Hey guys, today let’s talk about Databases and Full Text Search engines and how to combine the two, if possible.
As we all know, most production setups have their data source in at least two tech stacks-
- A transactional database
- A Full Text based search engine.
Let’s see why they are used, how they fulfil different requirements and how we can integrate both in a single tech stack.
A transactional database is needed to perform real time live updates and queries to retrieve the latest data stored in our database. Each update / query needs to be performed well, whether it is an insert or patch update or an algorithmic computation like group computation, sum, average or joins.
To make our queries faster most databases support building indexes based on BTree using fields as keys on different levels to speed up the lookup process inside our database. These indexes are mostly used for exact matches and range queries/sorts as is the property of the BTree. An example below shows a BTree made on Key and can see that Alex and Bob are placed before Jone and Tom is placed after Ron.
But what if we want to apply fuzzy text based search on a long text field?
Enter ElasticSearch, a famous Full Text search engine which lets you query on your textual data in a very fast method. It does this by creating an inverted index. This helps us search our database’s textual fields in a fuzzy way and can return us the most appropriate matches sorted by a match “score”. For example if we want werewolves and vampires, it’ll return all documents whose description field contains the words werewolves or vampires either together or separate and how well each document matched to our “search phrase”. It can also perform spell checking and provides tokenization capabilities.

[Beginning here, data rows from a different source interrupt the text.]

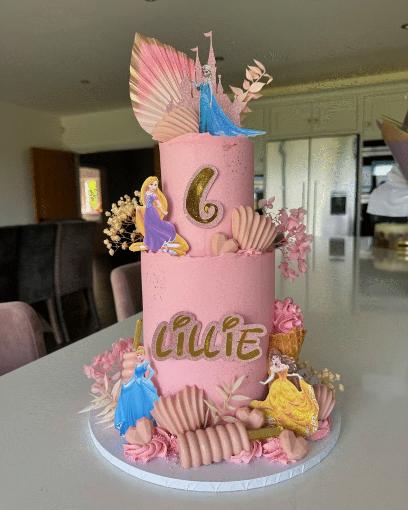 Layers of pastel pink buttercream give this cake a playful yet elegant finish, crowned with a shimmering topper. Golden lettering spells “Lillie,” perfectly personalized, while princess characters add a lively storybook feel to the design.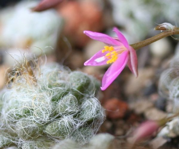 Стебли до 5 см высоты, с реповидно утолщенными корнями, плотно расположенными удлиненно- овальными листьями и белыми длинными волосками. Цветки розовые, 3 см в диаметре. Родина - Южная Африка.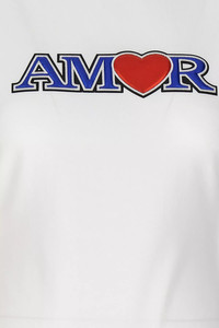 cod. WE64TR340WWHITE 'Amor' stretch cotton crew neck T-shirt with front embroidery, short sleeves. Color: White Size & Fit: Slim fit Composition: 93% cotton, 7% elastane Made in: Portugal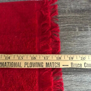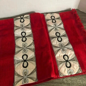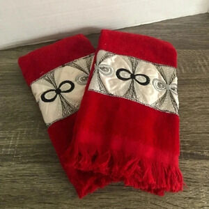 Very soft red 100% cotton towels with beige accent stripe. Embroidered design in black and silver/greys. Made in USA by Cannon.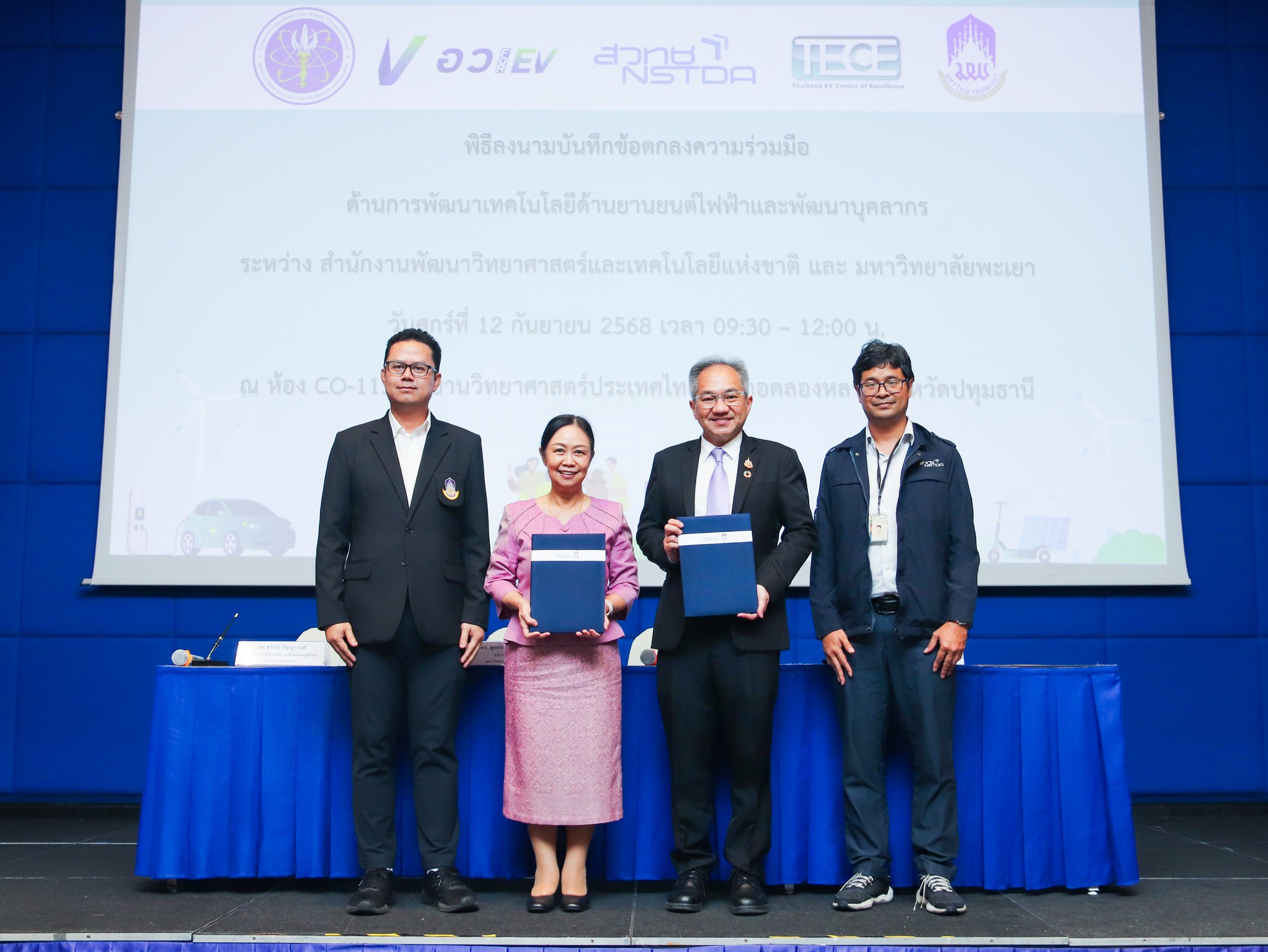 เมื่อวันศุกร์ที่ 12 กันยายน 2568 สำนักงานพัฒนาวิทยาศาสตร์และเทคโนโลยีแห่งชาติ (สวทช.) โดย ดร.สุมิตรา จรสโรจน์กุล ผู้อำนวยการศูนย์เทคโนโลยีพลังงานแห่งชาติ สวทช. ได้ลงนามบันทึกข้อตกลงความร่วมมือ (MOU) กับ มหาวิทยาลัยพะเยา โดย รองศาสตราจารย์ ดร.สุภกร พงศบางโพธิ์ อธิการบดีมหาวิทยาลัยพะเยา ในการพัฒนาเทคโนโลยีและบุคลากรด้านยานยนต์ไฟฟ้า โดยมี ดร.ชินะ เพ็ญชาติ ผู้อำนวยการกลุ่มวิจัยศูนย์เทคโนโลยีโลหะและวัสดุแห่งชาติ สวทช. และผู้ช่วยศาสตราจารย์ สุวิทย์ ปัญญาวงศ์ รองอธิการบดีฝ่ายสิ่งแวดล้อมและภูมิทัศน์ มหาวิทยาลัยพะเยา ร่วมเป็นพยาน ณ อุทยานวิทยาศาสตร์ประเทศไทย

Now, ElasticSearch is built on top of Apache Lucene, which is the main engine for this inverted text index and the algorithm building these inside. ElasticSearch is just an implementation of this engine which defines it’s own standards and query language.
The problem with two data sources
The problem having two separate data stores containing almost the same data but in different technical stacks arises when you have to sync the data between both of them. You may build your own pipelines or setup a plugin to do it for you, but each method is dependent on the source database format and the selected search engine. The second problem is of cost – when you are running your production environments, there is huge costs involved in setting up both, and you may want to remove the data duplicity.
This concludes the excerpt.